> **Input**
<<<<

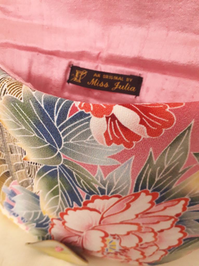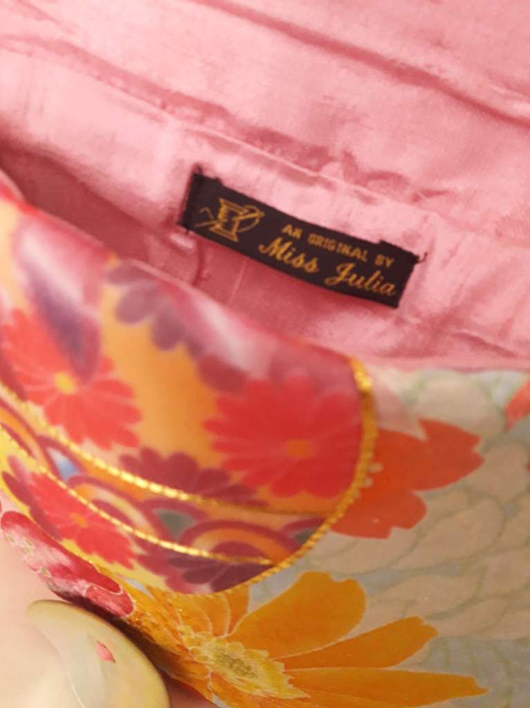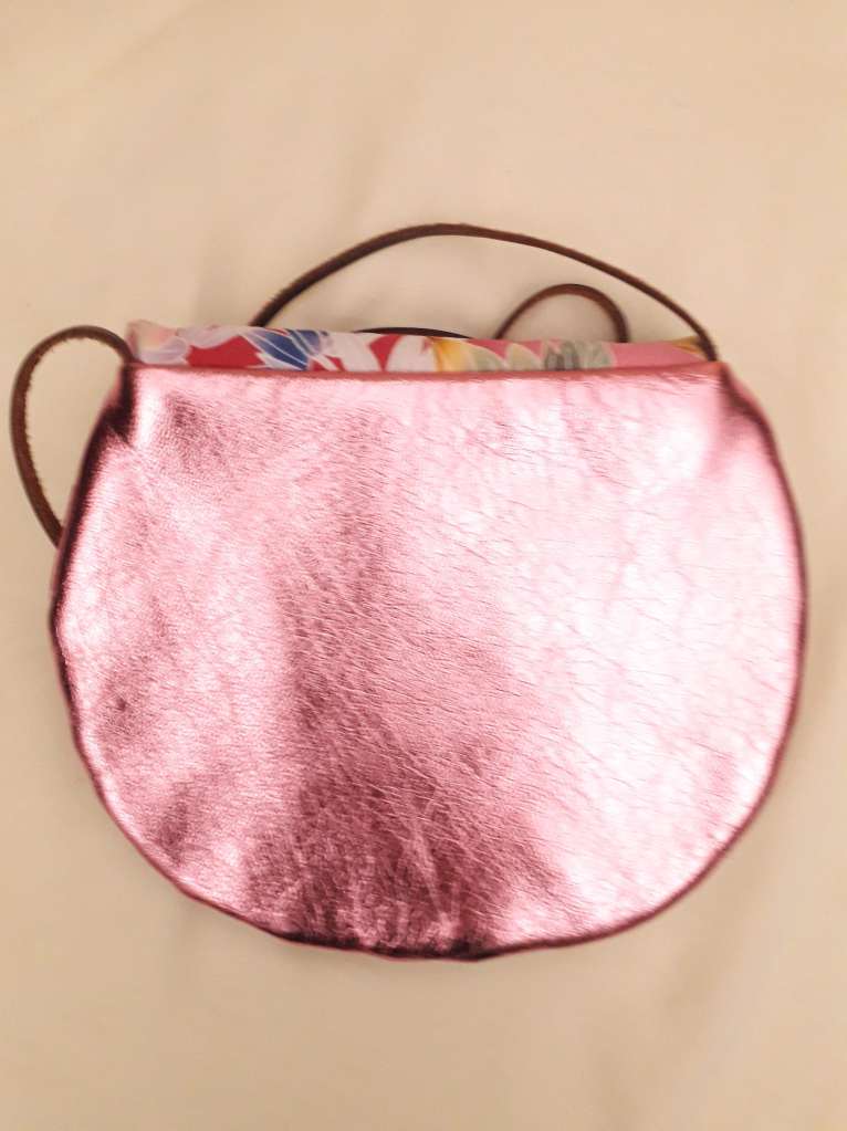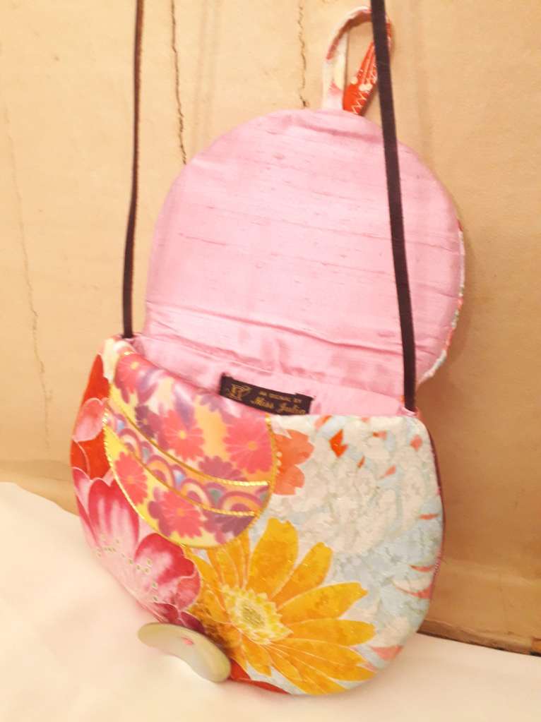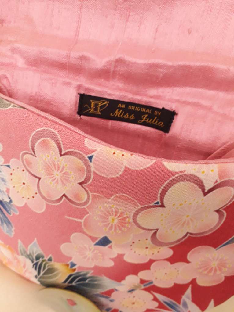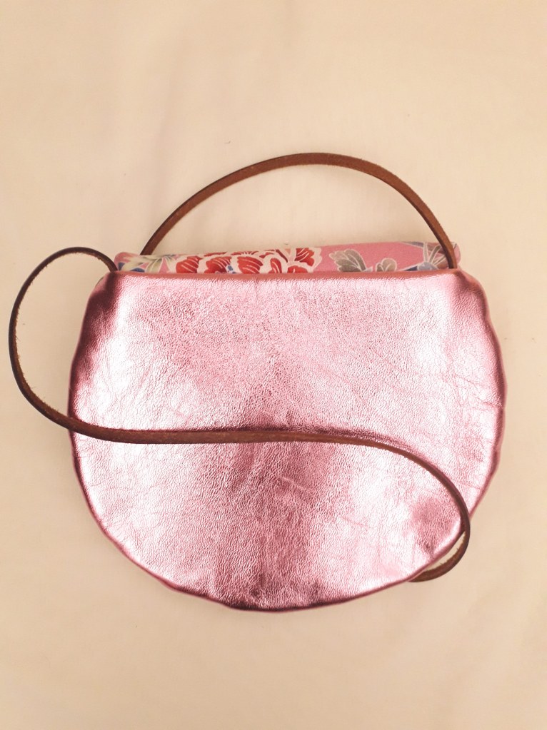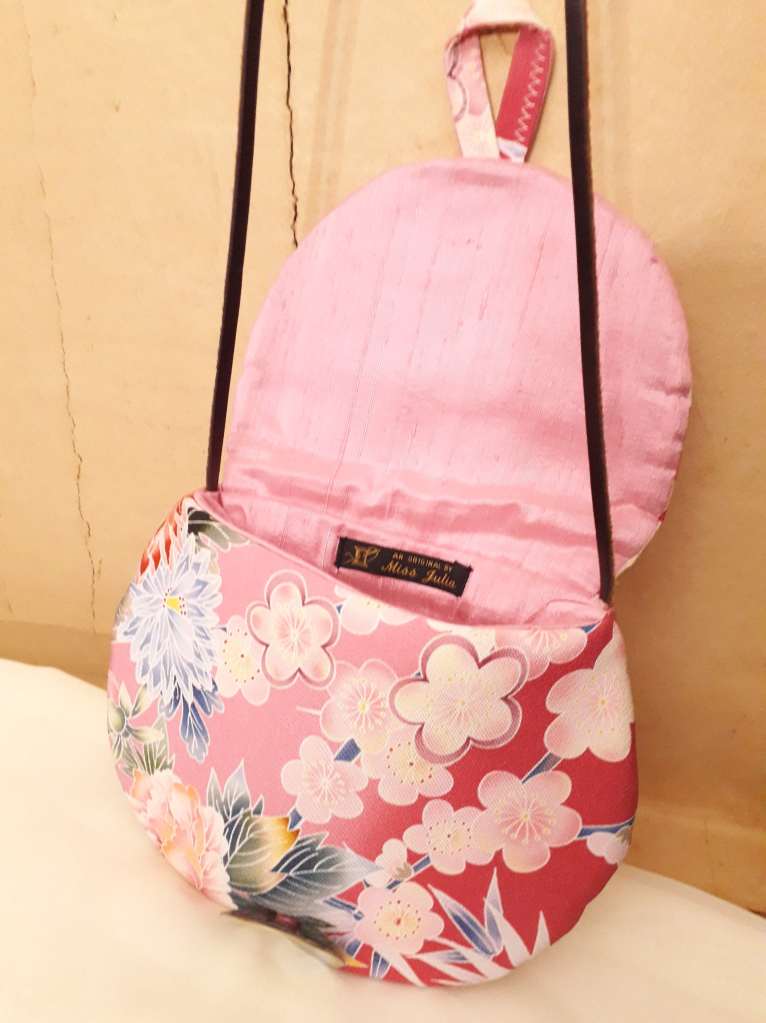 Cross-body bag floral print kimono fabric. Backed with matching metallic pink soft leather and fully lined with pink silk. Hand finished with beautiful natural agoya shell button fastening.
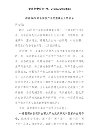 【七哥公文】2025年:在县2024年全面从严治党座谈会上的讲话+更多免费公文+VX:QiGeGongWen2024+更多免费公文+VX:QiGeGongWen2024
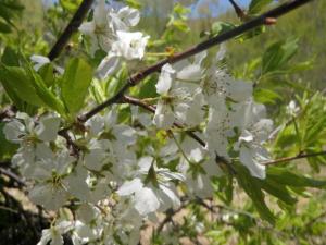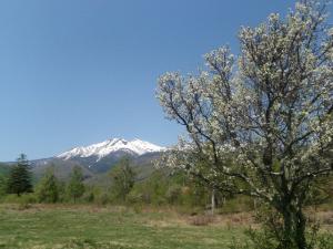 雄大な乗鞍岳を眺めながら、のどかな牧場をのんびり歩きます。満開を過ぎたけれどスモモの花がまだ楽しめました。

>>>>
<<<<

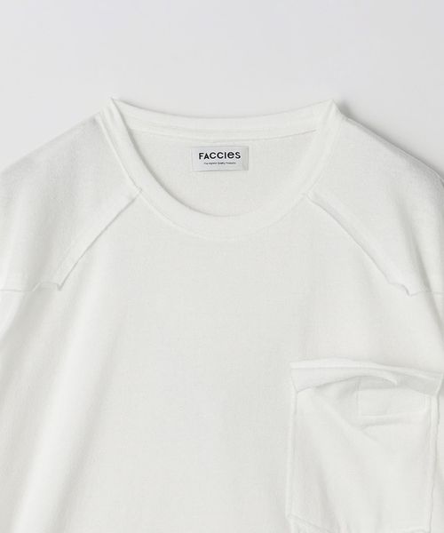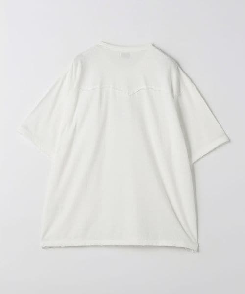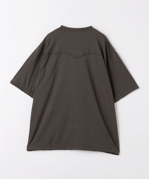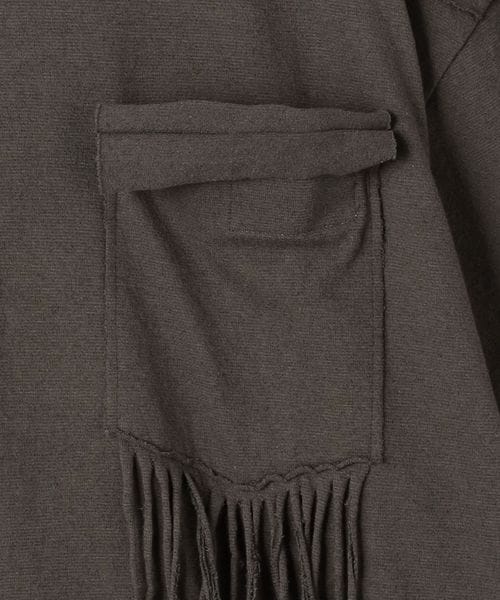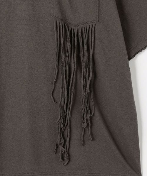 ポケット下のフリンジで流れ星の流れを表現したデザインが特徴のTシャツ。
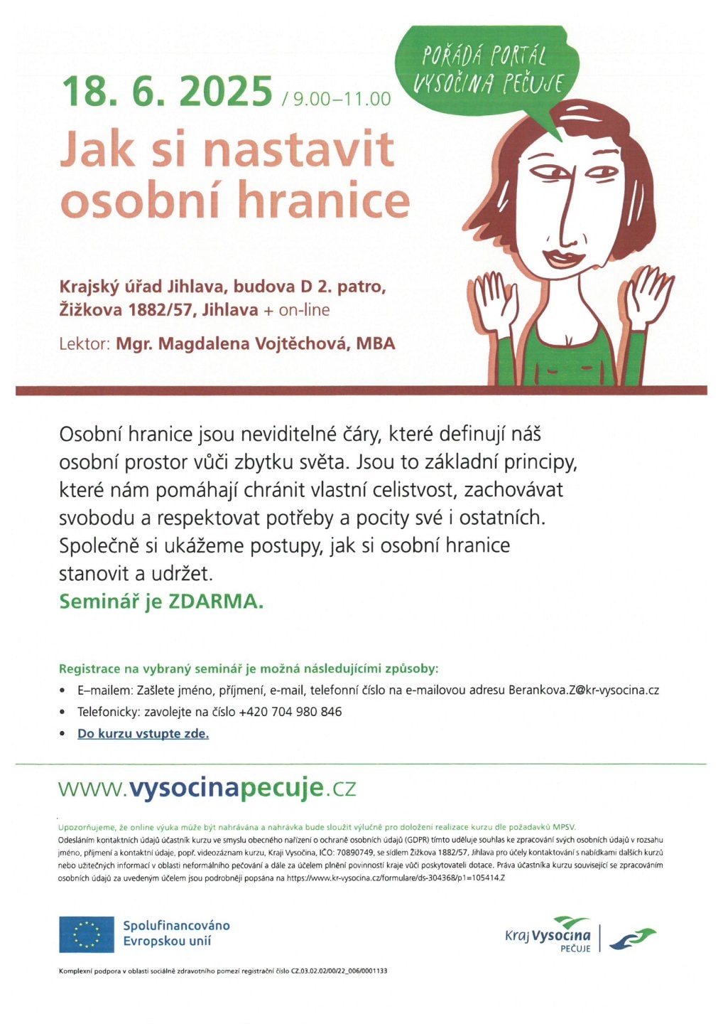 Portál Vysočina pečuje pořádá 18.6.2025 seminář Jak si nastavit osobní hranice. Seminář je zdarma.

>>>>
<<<<

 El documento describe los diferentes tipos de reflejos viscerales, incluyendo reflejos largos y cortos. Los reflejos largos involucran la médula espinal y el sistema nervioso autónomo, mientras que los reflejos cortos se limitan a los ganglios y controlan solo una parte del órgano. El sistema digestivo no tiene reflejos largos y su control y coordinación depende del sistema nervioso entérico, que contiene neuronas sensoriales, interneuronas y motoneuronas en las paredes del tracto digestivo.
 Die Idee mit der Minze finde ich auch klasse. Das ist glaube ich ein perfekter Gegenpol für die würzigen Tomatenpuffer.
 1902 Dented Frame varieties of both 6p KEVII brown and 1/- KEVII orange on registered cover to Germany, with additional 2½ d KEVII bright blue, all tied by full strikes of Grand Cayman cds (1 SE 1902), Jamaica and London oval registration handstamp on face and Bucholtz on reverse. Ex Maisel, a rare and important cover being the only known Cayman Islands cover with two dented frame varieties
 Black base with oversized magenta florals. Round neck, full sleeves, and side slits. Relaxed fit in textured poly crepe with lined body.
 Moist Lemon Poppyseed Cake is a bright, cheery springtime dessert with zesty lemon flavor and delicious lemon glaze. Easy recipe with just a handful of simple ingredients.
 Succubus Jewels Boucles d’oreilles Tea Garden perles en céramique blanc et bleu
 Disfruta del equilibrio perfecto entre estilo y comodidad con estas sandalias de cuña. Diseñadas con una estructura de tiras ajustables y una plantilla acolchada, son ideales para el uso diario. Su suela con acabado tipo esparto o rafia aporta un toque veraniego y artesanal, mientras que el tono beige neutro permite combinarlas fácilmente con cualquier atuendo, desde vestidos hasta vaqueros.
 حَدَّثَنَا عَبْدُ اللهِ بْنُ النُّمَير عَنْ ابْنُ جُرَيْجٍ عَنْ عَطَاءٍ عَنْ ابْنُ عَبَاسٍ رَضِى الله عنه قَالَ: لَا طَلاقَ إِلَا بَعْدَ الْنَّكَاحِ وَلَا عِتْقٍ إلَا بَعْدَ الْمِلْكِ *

>>>>

> **Assignment**
From the records above, quote only the lines running from the line with "Black base with" to the line with "Succubus Jewels Boucles", both lines included.

> **Exercise solution**
 Black base with oversized magenta florals. Round neck, full sleeves, and side slits. Relaxed fit in textured poly crepe with lined body.
 Moist Lemon Poppyseed Cake is a bright, cheery springtime dessert with zesty lemon flavor and delicious lemon glaze. Easy recipe with just a handful of simple ingredients.
 Succubus Jewels Boucles d’oreilles Tea Garden perles en céramique blanc et bleu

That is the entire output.